Executives at residential brokerages, beset by rising interest rates and a banking crisis, led their firms through a barren winter.
The frigid retreat from a historically hot spring market, carried over from the post-pandemic boom, saw plenty of casualties along the way for residential brokerages. Layoffs and other cost-cutting measures hit players across the field — from franchisors like The Agency to tech-forward firms like Redfin and behemoths like Anywhere and Compass — as transactions and revenues fell.
But rank-and-file employees and agents nursing sinking bottom lines weren’t the only ones who felt the sting of the historic slowdown: Brokerage executives also saw their compensation fall in 2022 as a result of the penny-pinching, and some C-suite paydays shrank to what might be better called C-minus-suite.
Declining executive compensation isn’t unique to the residential brokerage world. For the first time in a decade, two-thirds of Fortune 500 CEOs saw their pay fall last year, according to the Wall Street Journal. That’s partly due to a new SEC rule that mandates companies track the fluctuations of stock awards, but it’s also emblematic of overall market performance.

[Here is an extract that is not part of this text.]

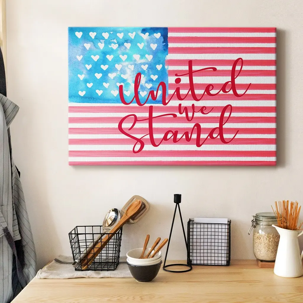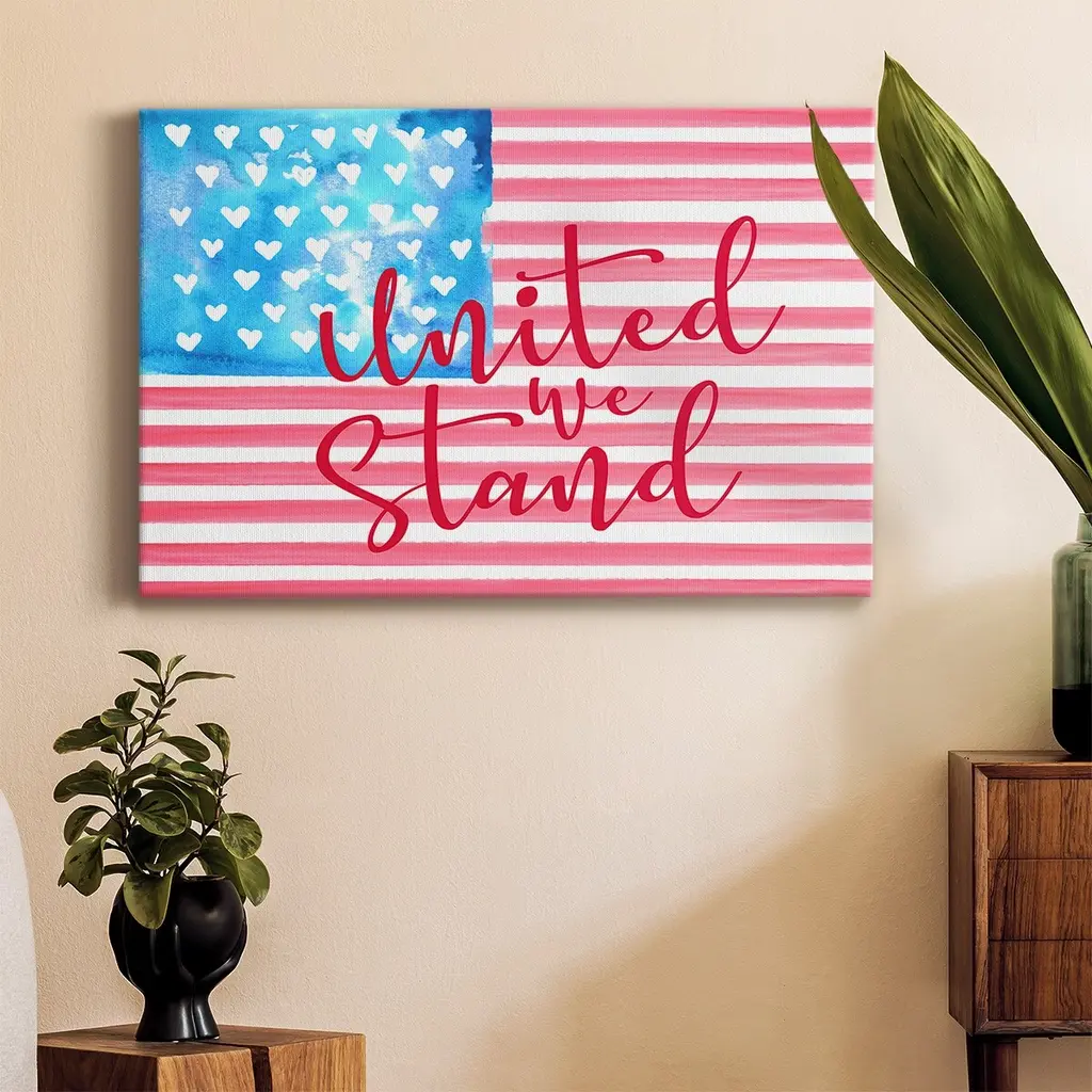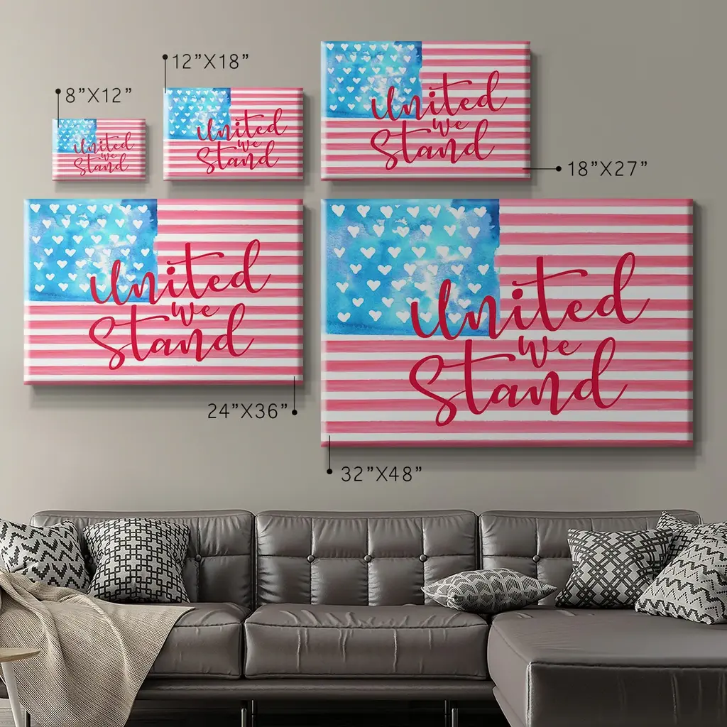 United We Stand II Premium Gallery Wrapped Canvas - Ready to Hang A premium hand stretched gallery wrapped canvas print created to last. Featuring a beveled a solid wood stretcher bar, each piece comes ready to hand 6 SIZES AVAILABLE 8''X12'' - Overall Size 12''X18'' - Overall Size 18''X27'' - Overall Size 24''x36'' - Overall Size 32''x48'' - Overall Size 40''x60'' - Overall Size Each piece is made to order. Built to Last Each piece comes ready to hang Solid wood stretcher Fade and Water resistant Made domestically

When discussing executive compensation, it’s important to distinguish between base salary and performance-based payments, like stock awards and bonuses. Base salaries generally don’t decline, but the value of stocks and bonuses tend to move with a company’s bottom line.
It could be a minute before executives pad their pockets like they did in 2021, according to RealTrends co-founder and residential brokerage analyst Steve Murray.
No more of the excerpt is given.